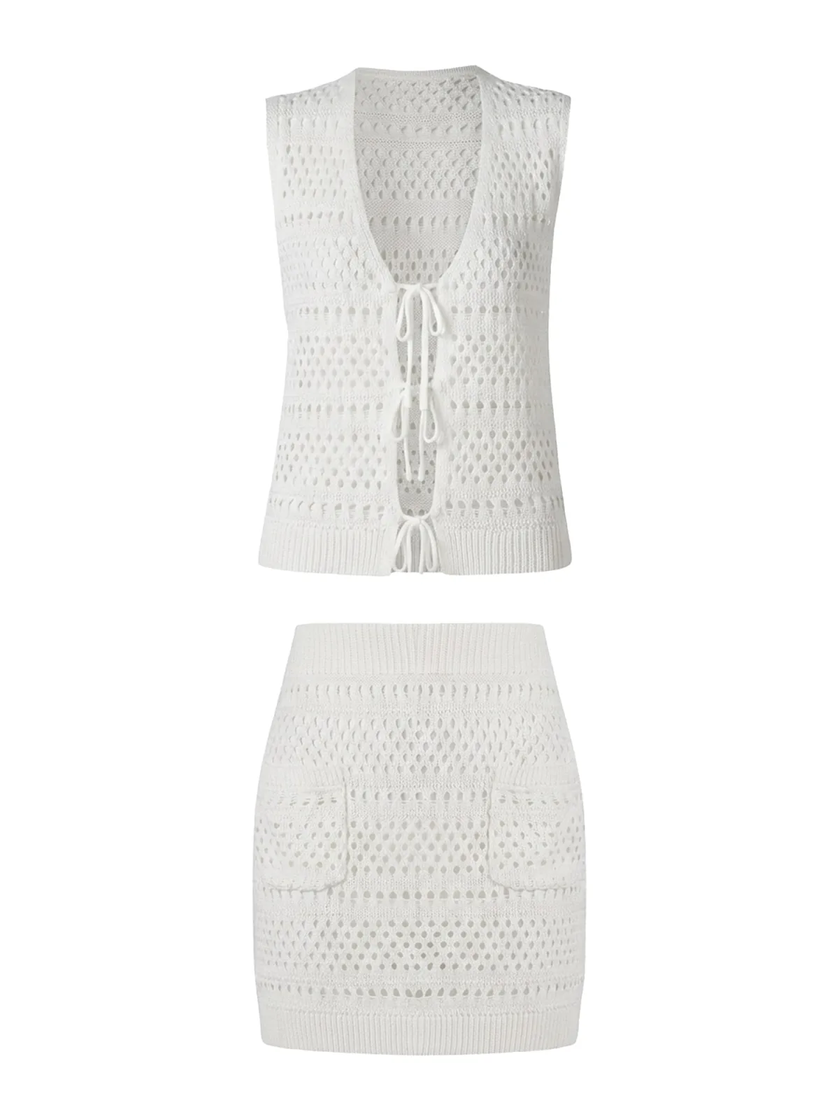 Design: Om te knopen/binden; Voering: Niet gevoerd; Materiaal: Knitwear; Motief: Effen; Details: Mesh; Extra's: Fully fashioned, Voelt zacht aan; Lengte: Kort/mini; Pasvorm: Normale pasvorm; Armlengte: Mouwloos; Taillehoogte: Mid waist
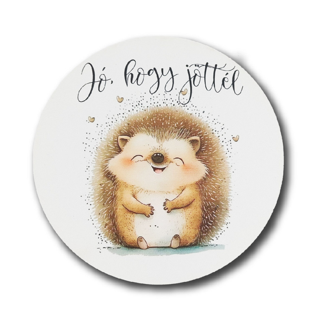 Nyomtatott fatábla - Jó, hogy jöttél - Süni - 13 cm
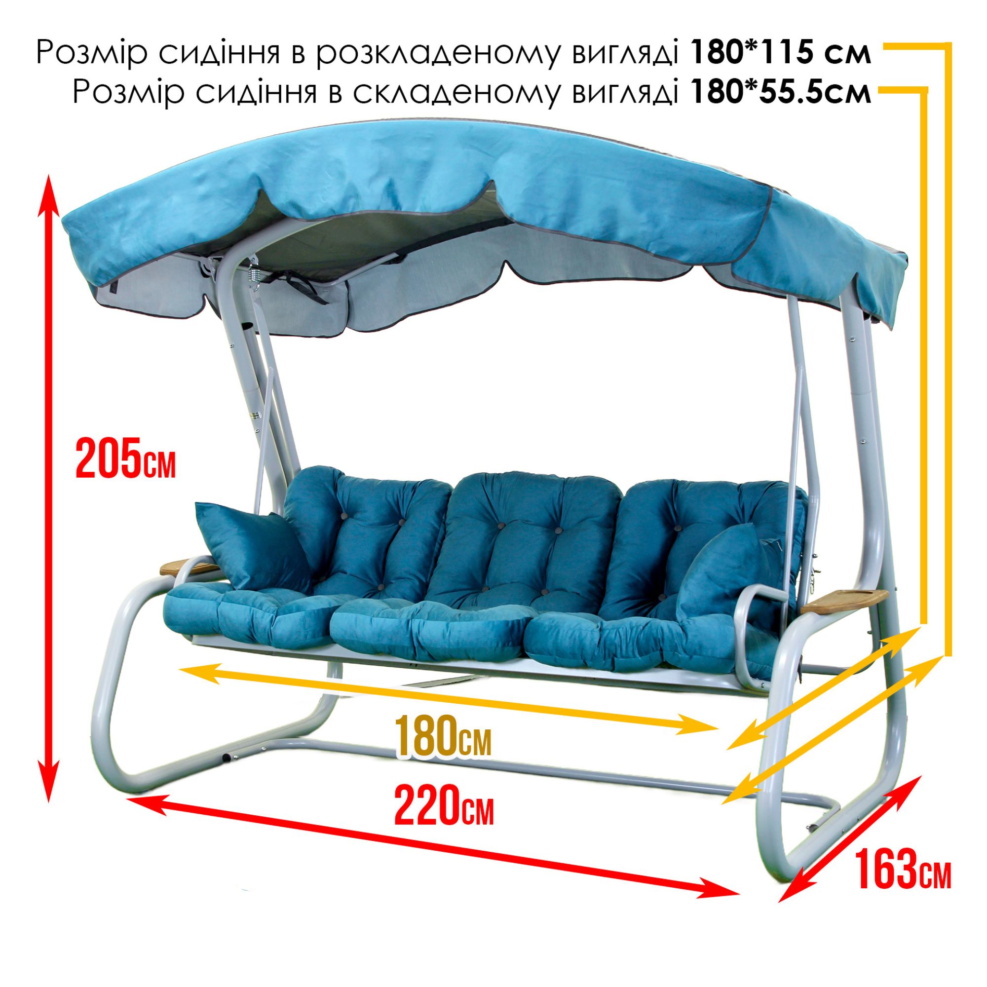 У этой садовой качели длинная 180-сантиметровая лавка, которая гарантирует комфортный отдых. Лавка раскладывается в полностью лежачее положение и фиксируется от раскачивания.
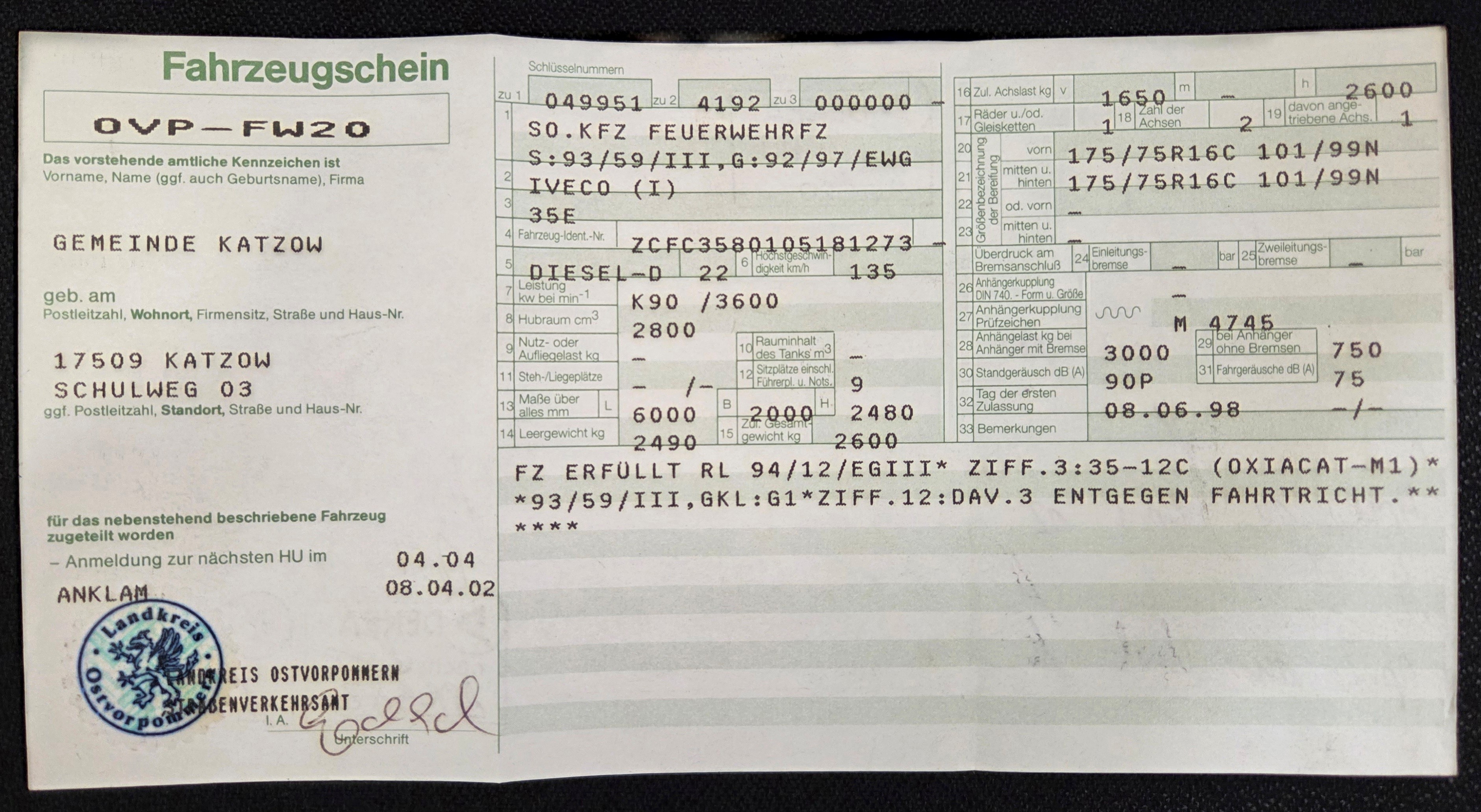 - Fahrzeugdaten siehe Zulassungsbescheinigung Teil 1 - der Verkauf erfolgt im Höchstgebotsverfahren - Mindestgebot 5.000,00 € Angebote können bis zum 31.03.2026 / 12:00 Uhr im Amt Lubmin, Geschwister-Scholl-Weg 15, 17509 Lubmin, oder unter der E-Mail-Adresse r.oestreich@amtlubmin.de eingereicht werden. Verspätet eingereichte Angebote finden keine Berücksichtigung. 05.03.2026 Anzeige-Nr.: 100465 | ||
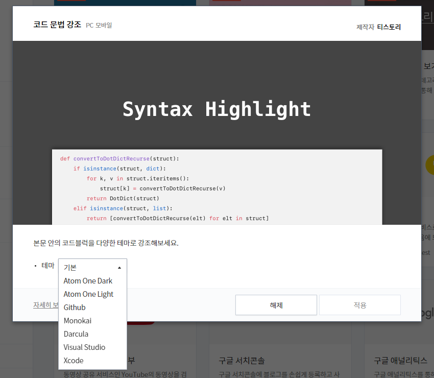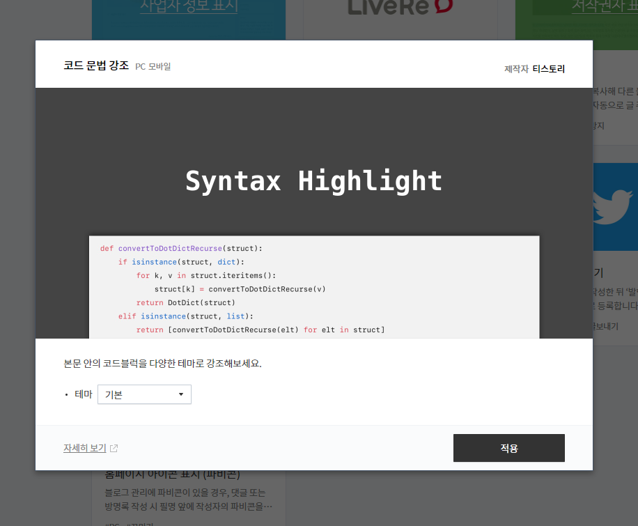 적용을 클릭하시면 플러그인이 티스토리 블로그 안에서 적용처리 됩니다. 테마 속성도 골라서 사용이 가능하니 필요하신 분들은 원하시는 테마를 선택 적용하시면 될 것 같습니다.
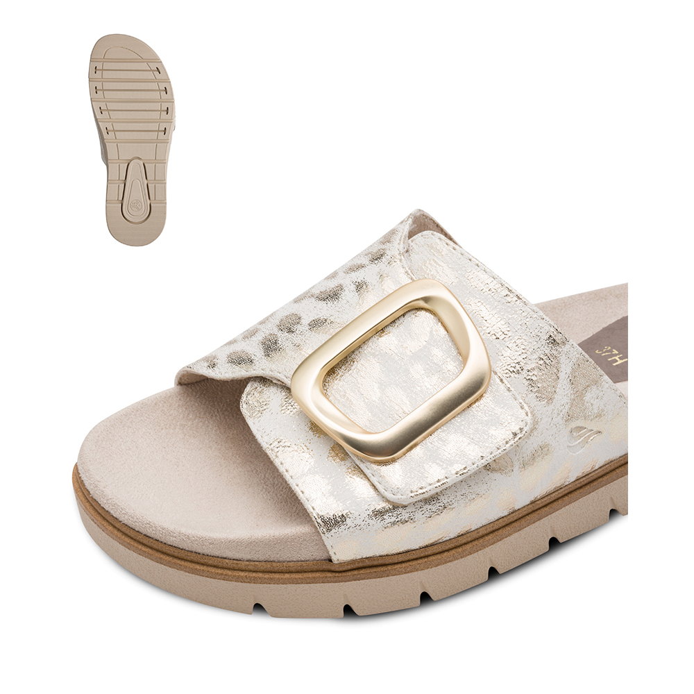 Jana natikače s čičak remenom – bež/zlatne casual chic sandale
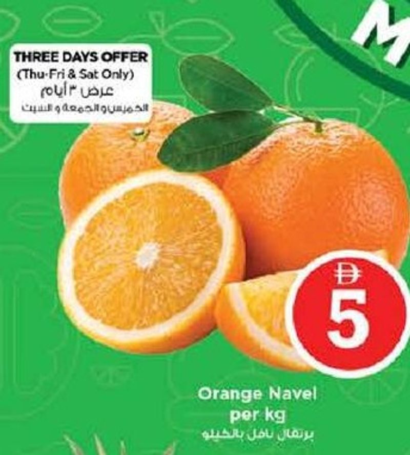 Three Days Offer (Thu-Fri & Sat Only) for fresh Navel oranges.
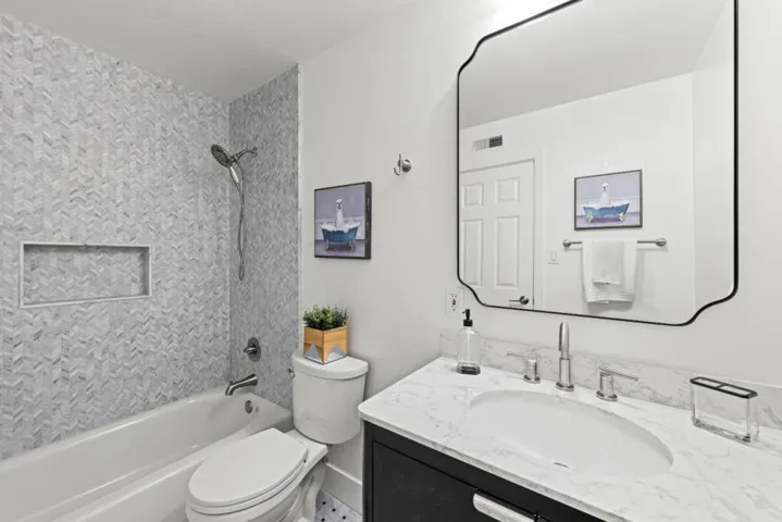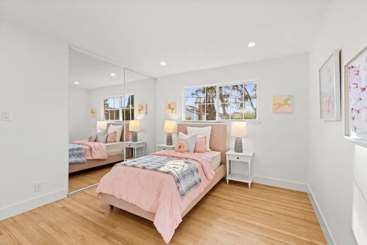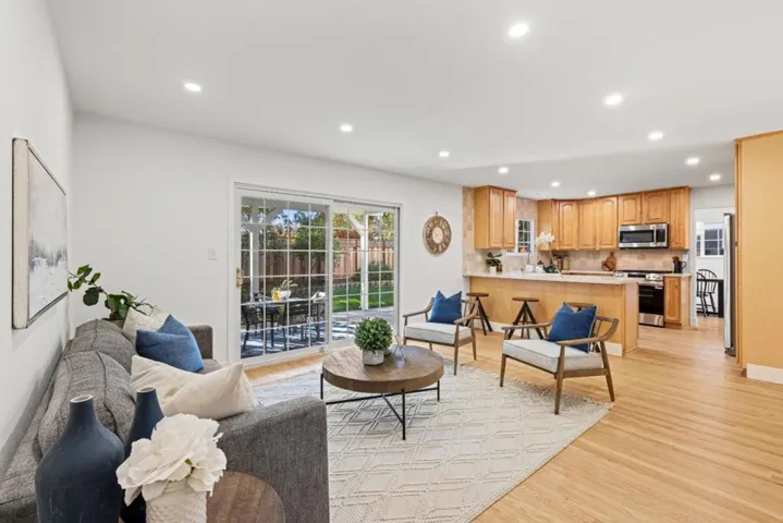Discover refined living in the heart of the distinguished Doerr Park neighborhood, where Willow Glen meets Cambrian Park. This elegant sanctuary at 1688 Grizilo Drive offers 2,191 square feet of meticulously remodeled space. The residence boasts five bedrooms, including a versatile downstairs bedroom, and 2.5 bathrooms, with potential to expand the large half bath into a full bathroom. The main living areas are adorned with water-based, non-toxic zero VOC red oak floors, complemented by recessed lighting and the soft glow of a gas starter wood-burning fireplace. Modern comforts abound, with dual-pane windows inviting natural light throughout. A culinary delight, the kitchen is equipped with a gas range, quartz countertops, and stainless steel appliances set against a backdrop of a stylish tile backsplash and maple cabinetry. The expansive private outdoor space features a covered patio, ideal for al fresco dining and relaxation. Outdoors, automated sprinklers and drip systems nurture the landscaped front and backyards. Enjoy the proximity to the scenic nine-acre Doerr Park, offering fields, playgrounds, and tennis courts. Welcome to an exquisite home that promises tranquility and sophistication.
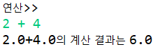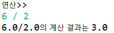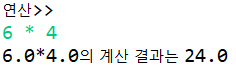 사칙 연산을 입력받아 계산하는 프로그램을 작성하고자 한다. 연산자는 +, -, *, /의 네 가지로 하고 피연산자는 모두 실수로 한다. 피연산자와 연산자는 실행 사례와 같이 빈 칸으로 분리하여 입력한다. 0으로 나누기 시 "0으로 나눌 수 없습니다."를 출력하고 종료한다.
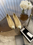 ballet flats beige silver lambskin canvas

- **WHAT TO WORK ON**:
In the listing above, find the line containing "Nyomtatott fatábla - Jó, hogy" and the line containing "Jana natikače s". Reproduce those lines and all between them exactly, with no pictures and nothing more.

- **YOUR RESPONSE**:
 Nyomtatott fatábla - Jó, hogy jöttél - Süni - 13 cm
 У этой садовой качели длинная 180-сантиметровая лавка, которая гарантирует комфортный отдых. Лавка раскладывается в полностью лежачее положение и фиксируется от раскачивания.
 - Fahrzeugdaten siehe Zulassungsbescheinigung Teil 1 - der Verkauf erfolgt im Höchstgebotsverfahren - Mindestgebot 5.000,00 € Angebote können bis zum 31.03.2026 / 12:00 Uhr im Amt Lubmin, Geschwister-Scholl-Weg 15, 17509 Lubmin, oder unter der E-Mail-Adresse r.oestreich@amtlubmin.de eingereicht werden. Verspätet eingereichte Angebote finden keine Berücksichtigung. 05.03.2026 Anzeige-Nr.: 100465 | ||
 적용을 클릭하시면 플러그인이 티스토리 블로그 안에서 적용처리 됩니다. 테마 속성도 골라서 사용이 가능하니 필요하신 분들은 원하시는 테마를 선택 적용하시면 될 것 같습니다.
 Jana natikače s čičak remenom – bež/zlatne casual chic sandale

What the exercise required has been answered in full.